---------- Data extract
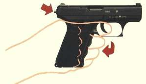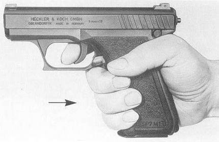 这是一个有趣的问题。关于握把压力,这里有两个概念,第一是压下握把的力量,第二是维持握把压下位置的力量。关于这一点我曾经跟北京网友P7M13聊过。P7的握把并非想人们想象的是用弹簧简单地翘起,然后依靠手压住,而是具有一个半锁功能两档式压柄。具体说你要压下击发握柄(注意,我说是击发握柄而不是保险握柄,因为它的实际作用是启动击发系统,而非保险。),需要相当的力量。这种力量至少是需要你有意识的加力才可以完成。然而一旦你压下握把,会听到卡的一声,握把有一个锁住动作,此时你只需要很小的力量就能够维持握把压下位置。关于压下的力量,HK 在说明书或者其他资料中并未提到(显然不太重要) 但是维持握柄的压力却说得清楚:一点五磅。这是什么概念?单动击发手枪的扳机击发压力是三点五磅到四磅。BERETTA 甚至达到七磅。所以很清楚,P7 手枪压下握把之后,不需要任何额外力量,就可以维持握把。这就是HK 的高明之处。香港那篇文章的说法绝对站不住脚。如果参照拙作“手枪射击的基本训练”一文,我要求射手必须握紧枪把,那时候手握枪的压力何止十倍于P7握把的要求?假如人长时间握枪处于作战状态,那时手疲劳可能也是因为紧紧握枪,而非应付握把。我很怀疑得出这种结论的人是出于一种心理感觉。至少我自己使用P7时不是这样。写到此处我拿出我的P7 试验,发现握把压住之后还有一个放松的宽容度。你卡地压下之后,轻轻放松握把,握把压力很轻地跟随你的手指放松,到放松到一定程度时,才会又卡地一时,释放击发系统。也就是说你射击时万一不慎手在座力之中松脱一下(这种情况经过训练的人不可能发生),握把也不可能退回。P7 是一种你越研究越觉得高明的手枪。
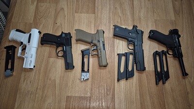 Verkaufe meinen kleinen Waffen Sammlung. 5 Pistolen und 1 Gewehr. 1 x P08, 1911er, Glock 19x, cp88, cp99 Snowstar und Luftgewehr Weihrauch HW50. Dazu gibt es eine Menge CO2 Katusche, zielsterne und Kugeln. Wirs alles zusammen verkauft mit Holster, Reinigungszeug und Waffenkiste. Nur Abholung. Weitere Bilder auf Anfrage.
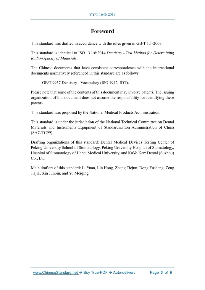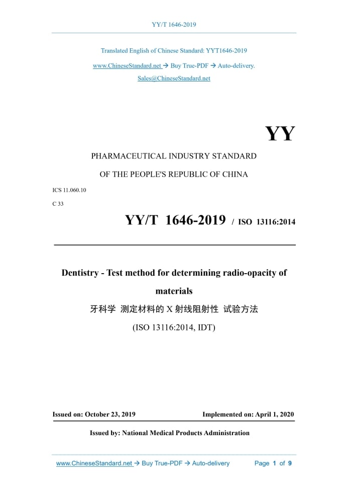 YY/T 1646-2019: Dentistry - Test method for determining radio-opacity of materials Delivery: 9 seconds. True-PDF full-copy in English & invoice will be downloaded + auto-delivered via email. See step-by-step procedure Status: Valid
--------------------
▶ [Problem to work on] Leaving each image aside, repeat the listing above exactly.

▶ [Result below]
 这是一个有趣的问题。关于握把压力,这里有两个概念,第一是压下握把的力量,第二是维持握把压下位置的力量。关于这一点我曾经跟北京网友P7M13聊过。P7的握把并非想人们想象的是用弹簧简单地翘起,然后依靠手压住,而是具有一个半锁功能两档式压柄。具体说你要压下击发握柄(注意,我说是击发握柄而不是保险握柄,因为它的实际作用是启动击发系统,而非保险。),需要相当的力量。这种力量至少是需要你有意识的加力才可以完成。然而一旦你压下握把,会听到卡的一声,握把有一个锁住动作,此时你只需要很小的力量就能够维持握把压下位置。关于压下的力量,HK 在说明书或者其他资料中并未提到(显然不太重要) 但是维持握柄的压力却说得清楚:一点五磅。这是什么概念?单动击发手枪的扳机击发压力是三点五磅到四磅。BERETTA 甚至达到七磅。所以很清楚,P7 手枪压下握把之后,不需要任何额外力量,就可以维持握把。这就是HK 的高明之处。香港那篇文章的说法绝对站不住脚。如果参照拙作“手枪射击的基本训练”一文,我要求射手必须握紧枪把,那时候手握枪的压力何止十倍于P7握把的要求?假如人长时间握枪处于作战状态,那时手疲劳可能也是因为紧紧握枪,而非应付握把。我很怀疑得出这种结论的人是出于一种心理感觉。至少我自己使用P7时不是这样。写到此处我拿出我的P7 试验,发现握把压住之后还有一个放松的宽容度。你卡地压下之后,轻轻放松握把,握把压力很轻地跟随你的手指放松,到放松到一定程度时,才会又卡地一时,释放击发系统。也就是说你射击时万一不慎手在座力之中松脱一下(这种情况经过训练的人不可能发生),握把也不可能退回。P7 是一种你越研究越觉得高明的手枪。
 Verkaufe meinen kleinen Waffen Sammlung. 5 Pistolen und 1 Gewehr. 1 x P08, 1911er, Glock 19x, cp88, cp99 Snowstar und Luftgewehr Weihrauch HW50. Dazu gibt es eine Menge CO2 Katusche, zielsterne und Kugeln. Wirs alles zusammen verkauft mit Holster, Reinigungszeug und Waffenkiste. Nur Abholung. Weitere Bilder auf Anfrage.
 YY/T 1646-2019: Dentistry - Test method for determining radio-opacity of materials Delivery: 9 seconds. True-PDF full-copy in English & invoice will be downloaded + auto-delivered via email. See step-by-step procedure Status: Valid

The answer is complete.